[DATASET EXTRACT — start]

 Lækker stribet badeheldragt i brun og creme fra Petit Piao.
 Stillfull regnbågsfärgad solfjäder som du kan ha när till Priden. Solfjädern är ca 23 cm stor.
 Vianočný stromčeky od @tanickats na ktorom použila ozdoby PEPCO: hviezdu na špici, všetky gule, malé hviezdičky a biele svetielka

[DATASET EXTRACT — finish]
[DATASET EXTRACT — start]

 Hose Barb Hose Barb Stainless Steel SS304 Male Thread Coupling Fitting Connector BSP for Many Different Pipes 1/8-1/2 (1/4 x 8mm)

[DATASET EXTRACT — finish]

▶ **WHAT IS EXPECTED**
Retype the portion of the data above that starts on the line with "Lækker stribet badeheldragt" and finishes on the line with "Stillfull regnbågsfärgad solfjäder", including both of those lines.

▶ **ANSWER BOX**
 Lækker stribet badeheldragt i brun og creme fra Petit Piao.
 Stillfull regnbågsfärgad solfjäder som du kan ha när till Priden. Solfjädern är ca 23 cm stor.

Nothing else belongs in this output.